Thursday, May 14, 2009

Party on with Stephanie Kuehnert

Please welcome Stephanie Kuehnert to the party. Stephanie's the author of
I WANNA BE YOUR JOEY RAMONE and the upcoming BALLADS OF SUBURBIA... and she rocks on so many levels, it's crazy!

I found true love of the denim variety at Ragstock the summer before freshman year. Ragstock was a big thrift store in a neighborhood of Chicago that my friends and I simply referred to as "Clark and Belmont" after the intersection. It was an alternative mecca at the time. The corner Dunkin' Donuts was better known as Punk 'n Donuts because the street punks sat outside of it spare changing. Now I call the area by it's proper name, Lakeview, and it's exactly as yuppie as it sounds. Everything went downhill when they put in that Starbucks across from Punk 'n Donuts sometime near the end of high school. But at the beginning of high school "Clark and Belmont" was my favorite place to shop and I felt I'd pulled off quite a feat by convincing my mom to give me the back to school shopping money she planned to spend on me at the mall and letting me shop on my own. I didn't want "new," boring mall clothing. I wanted clothes that were already broken in, not to mention totally unique.

It was on that excursion that I found the jeans. They were men's jeans, a little bit baggy on me, and had been worn and washed enough times that the fabric was soft and it had faded from medium blue to nearly white in some spots. They were perfect except for one thing: they lacked holes in the knees. But that was easily fixed. I grabbed some sandpaper from my dad's toolbox, put the jeans on and rubbed.
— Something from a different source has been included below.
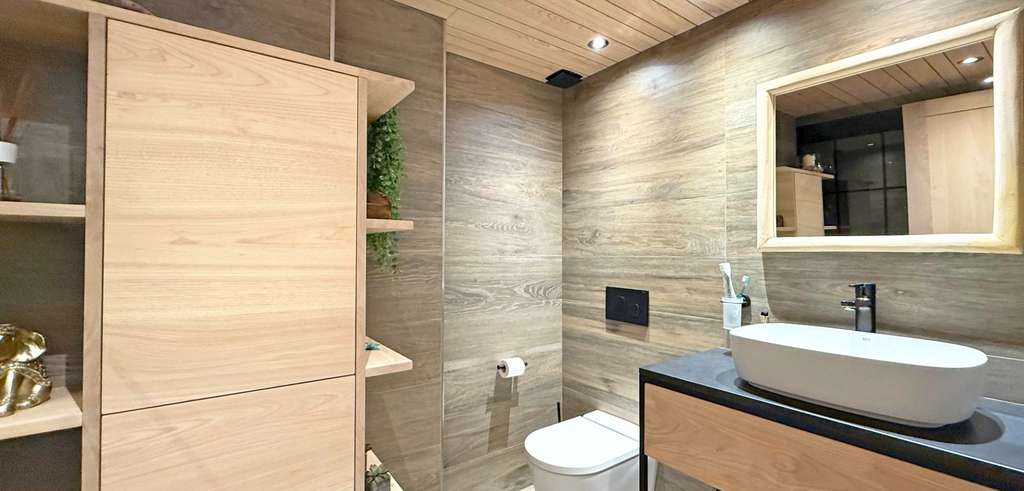 En el interior destacan los acabados exclusivos en madera de castaño, un detalle poco común que aporta calidez y sofisticación. Un lujoso jacuzzi invita a relajarse, mientras que el aire acondicionado garantiza confort todo el año.

It wouldn't have worked so well if the jeans were new. The fabric would have torn instead of frayed. But it worked just fine on these and after I tossed them in the dryer to create more of those little white strings around the holes that I loved to play with, they looked exactly how I wanted them too, like I'd been breaking them in for years.
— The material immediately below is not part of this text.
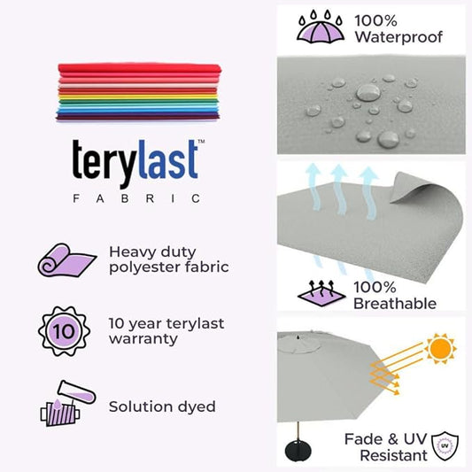 Midtown Umbrellas The Swilt 8 Feet Patio Umbrella in Terylast Matter (Grey) Polyester Fabric - Fiberglass Ribs, Auto-Tilt Aluminum Frame For Backyard, Deck, Garden, Pool - White Pole

I went on to wear those jeans for years. The holes stretched bigger and bigger, providing a fine source of "air conditioning" as I liked to call it in the summer, and in the winter, I wore long underwear beneath them and it looked pretty bad-ass. It was the grunge era and they were the perfect grunge jeans. I retired them around the time I finished high school. Not because they'd stopped fitting but because I was going through a goth phase and wearing only black. When my fashion sense balanced out again in my early 20s, I brought them back, thrilled that they still fit. Well mostly. I guess my butt had gotten bigger and since the jeans were pretty worn, a hole formed under my left butt cheek. It was okay at first. I could still wear them with thermals when it was cold or even boxer shorts when it was warm-- that was a grade school trend I'd always wanted to try but had feared my mom's wrath, holes in the knees were bad enough, but holes in the butt? Sadly, eventually the hole widened... like to the point where I would accidentally put my leg through it instead of the leg of my jeans. And that was the end. The jeans were buried in the back of my closet where they might still be, but I have a bad feeling I went through a purge and convinced myself to let go completely. Sigh. There's never been as good of a pair of jeans since. I mean my black skinny jeans that look amazing with my engineer boots and even seem to fit when I'm feeling fat are a close second, but I guess you never forget your first love... of the denim variety.